Provided data below:
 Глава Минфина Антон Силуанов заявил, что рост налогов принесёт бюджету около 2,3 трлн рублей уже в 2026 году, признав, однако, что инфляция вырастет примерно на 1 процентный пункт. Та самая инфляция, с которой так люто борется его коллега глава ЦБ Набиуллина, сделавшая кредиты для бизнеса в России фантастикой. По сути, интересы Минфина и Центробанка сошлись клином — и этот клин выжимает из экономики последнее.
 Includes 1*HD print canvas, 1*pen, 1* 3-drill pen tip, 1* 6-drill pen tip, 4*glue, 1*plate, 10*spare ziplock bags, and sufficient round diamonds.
End of Provided data.
Provided data below:
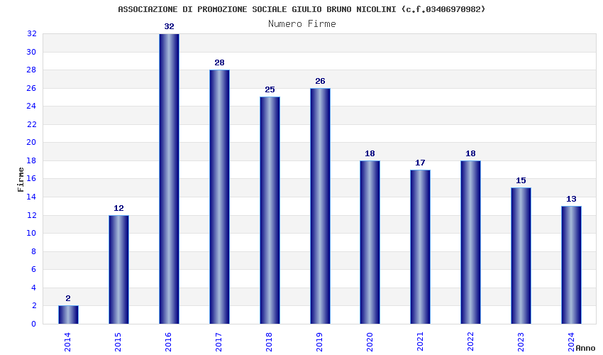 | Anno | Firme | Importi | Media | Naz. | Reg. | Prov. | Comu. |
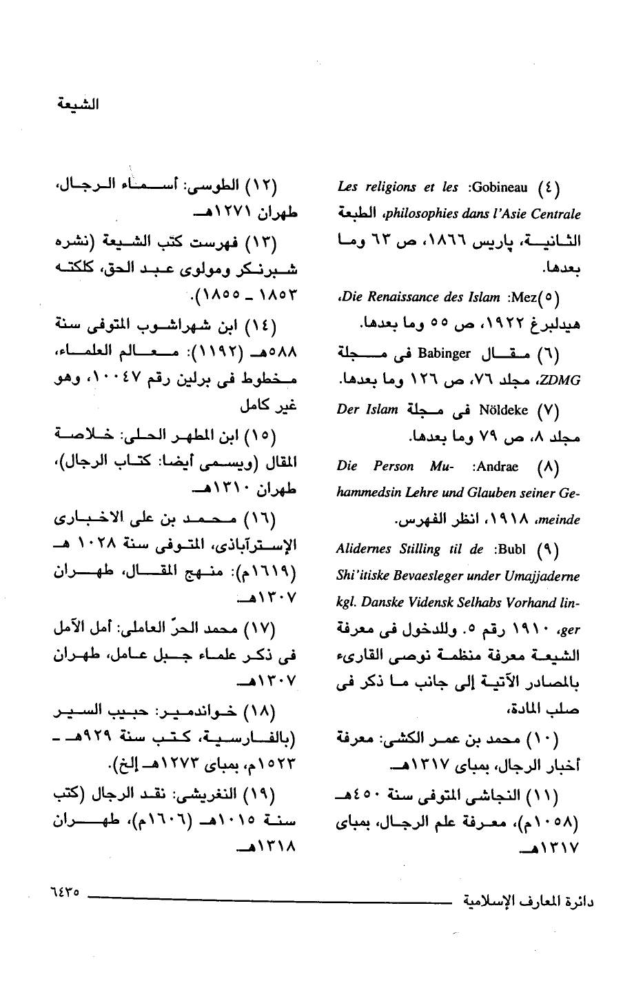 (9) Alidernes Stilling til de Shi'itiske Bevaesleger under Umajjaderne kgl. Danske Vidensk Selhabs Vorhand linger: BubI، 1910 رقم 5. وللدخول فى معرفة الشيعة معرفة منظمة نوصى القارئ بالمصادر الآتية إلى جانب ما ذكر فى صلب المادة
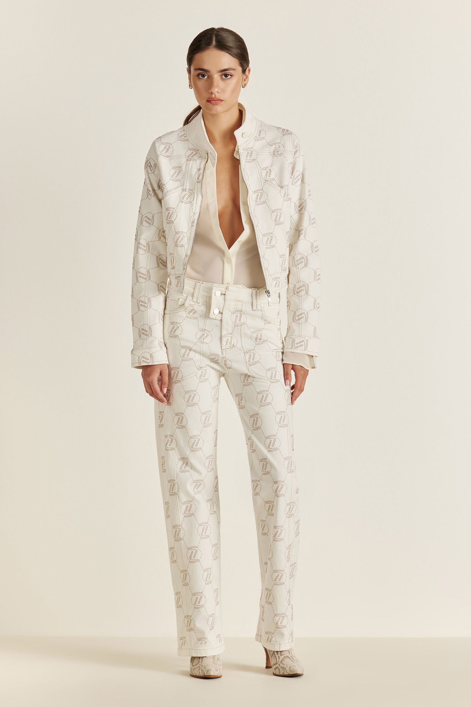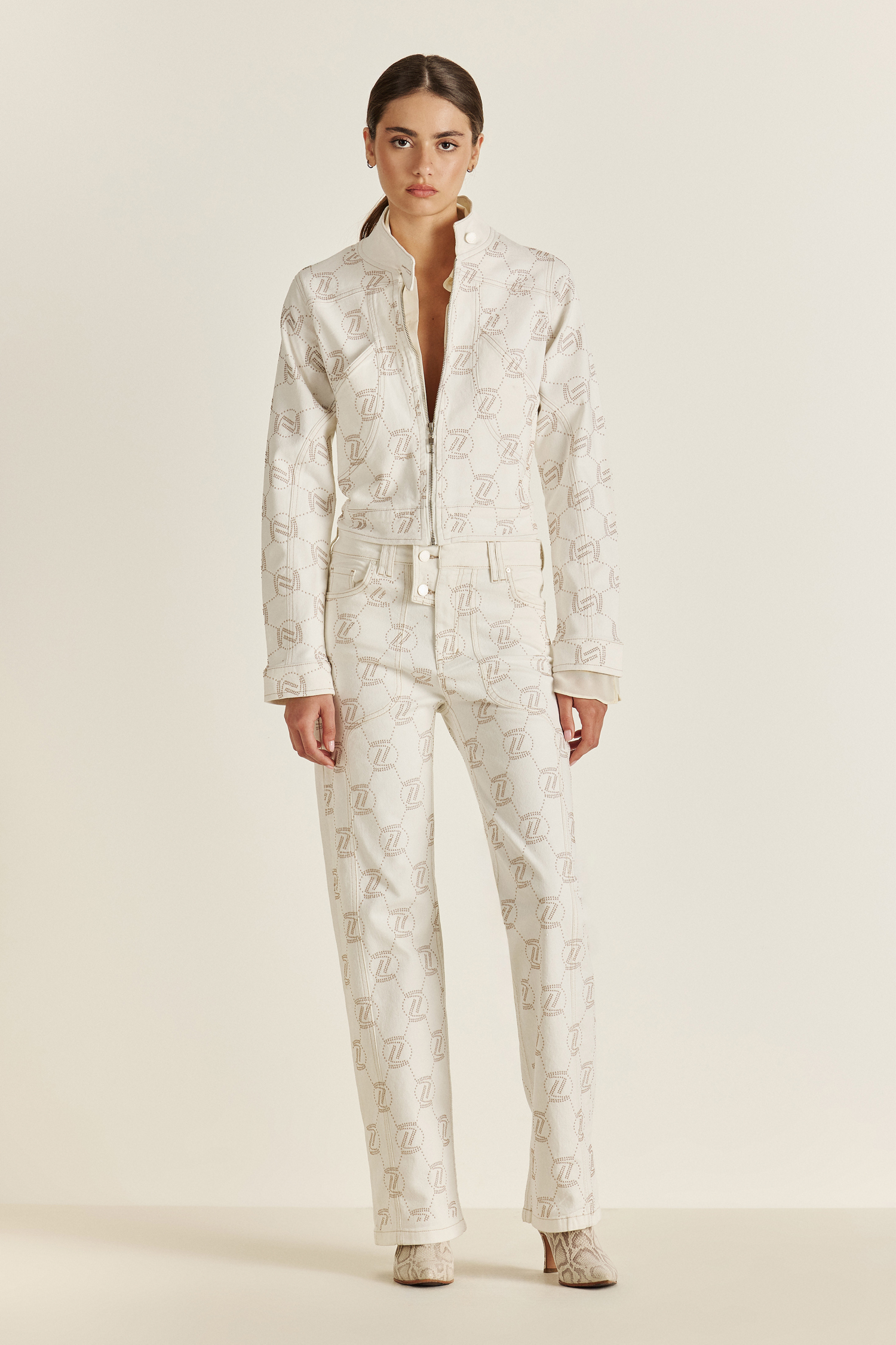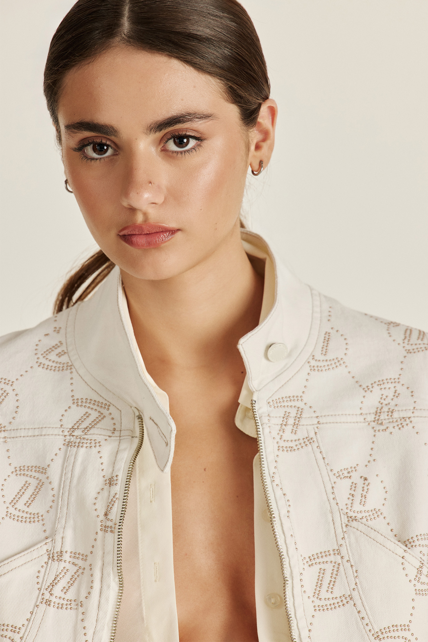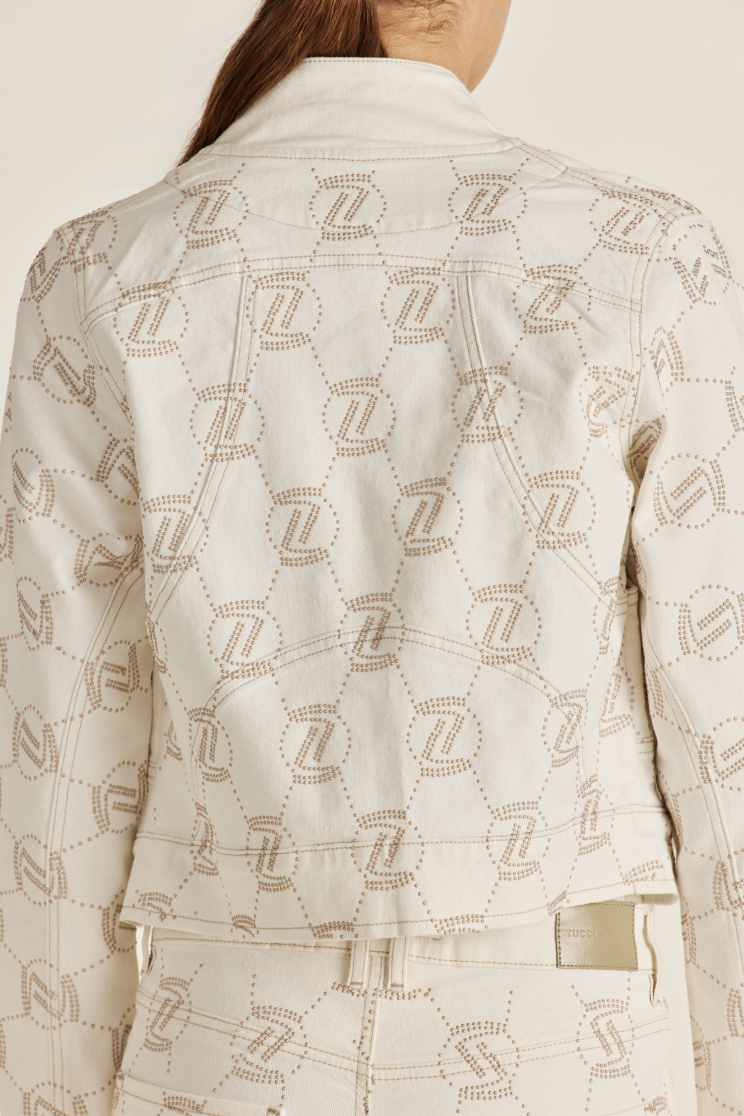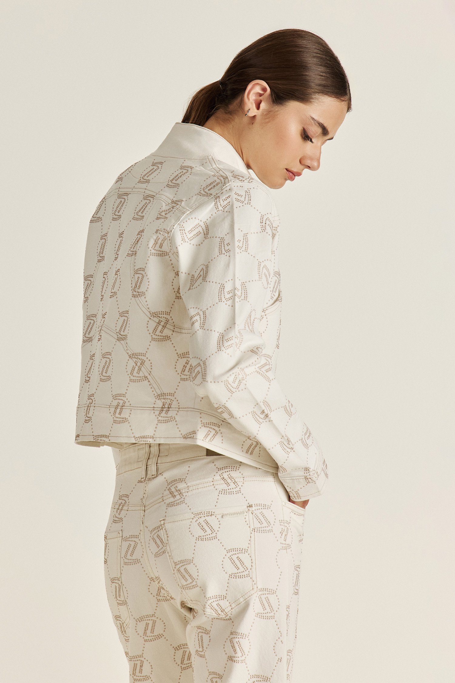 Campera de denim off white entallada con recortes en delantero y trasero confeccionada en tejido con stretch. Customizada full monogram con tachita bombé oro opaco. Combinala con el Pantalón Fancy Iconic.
End of Provided data.
Provided data below:
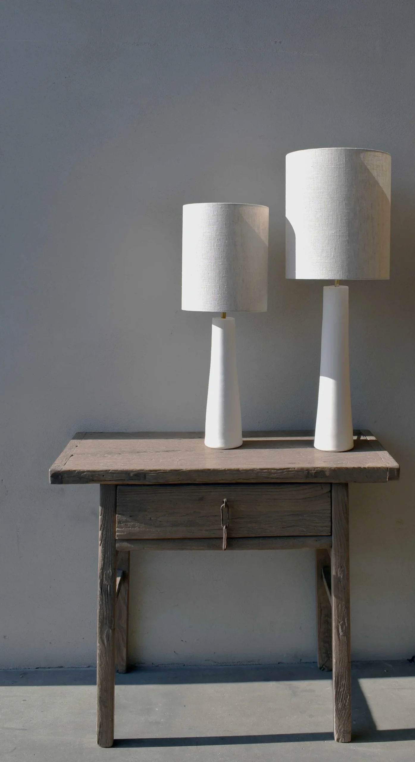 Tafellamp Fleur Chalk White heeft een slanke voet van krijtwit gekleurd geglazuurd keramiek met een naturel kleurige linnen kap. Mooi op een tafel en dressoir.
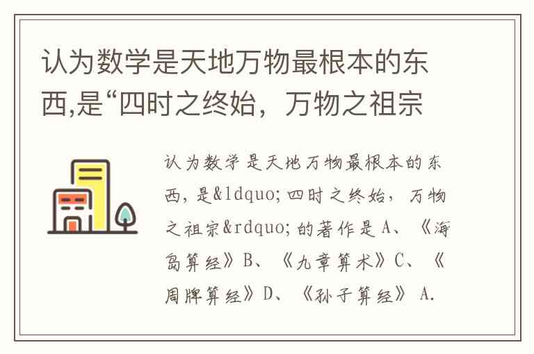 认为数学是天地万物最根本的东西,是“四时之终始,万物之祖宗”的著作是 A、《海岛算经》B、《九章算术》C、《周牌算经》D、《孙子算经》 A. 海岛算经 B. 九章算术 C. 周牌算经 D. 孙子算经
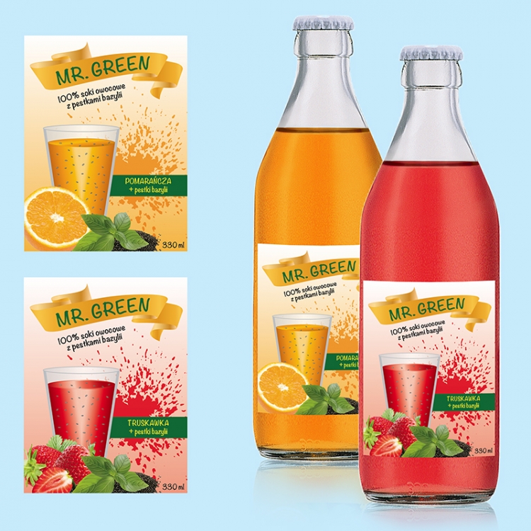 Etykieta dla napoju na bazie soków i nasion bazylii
End of Provided data.
=== Exercise brief ===
Return exactly the lines of the material above, starting at the line containing "Prov. | Comu. |" and finishing at the line containing "Campera de denim", without any pictures.

=== Response area ===
 | Anno | Firme | Importi | Media | Naz. | Reg. | Prov. | Comu. |
 (9) Alidernes Stilling til de Shi'itiske Bevaesleger under Umajjaderne kgl. Danske Vidensk Selhabs Vorhand linger: BubI، 1910 رقم 5. وللدخول فى معرفة الشيعة معرفة منظمة نوصى القارئ بالمصادر الآتية إلى جانب ما ذكر فى صلب المادة
 Campera de denim off white entallada con recortes en delantero y trasero confeccionada en tejido con stretch. Customizada full monogram con tachita bombé oro opaco. Combinala con el Pantalón Fancy Iconic.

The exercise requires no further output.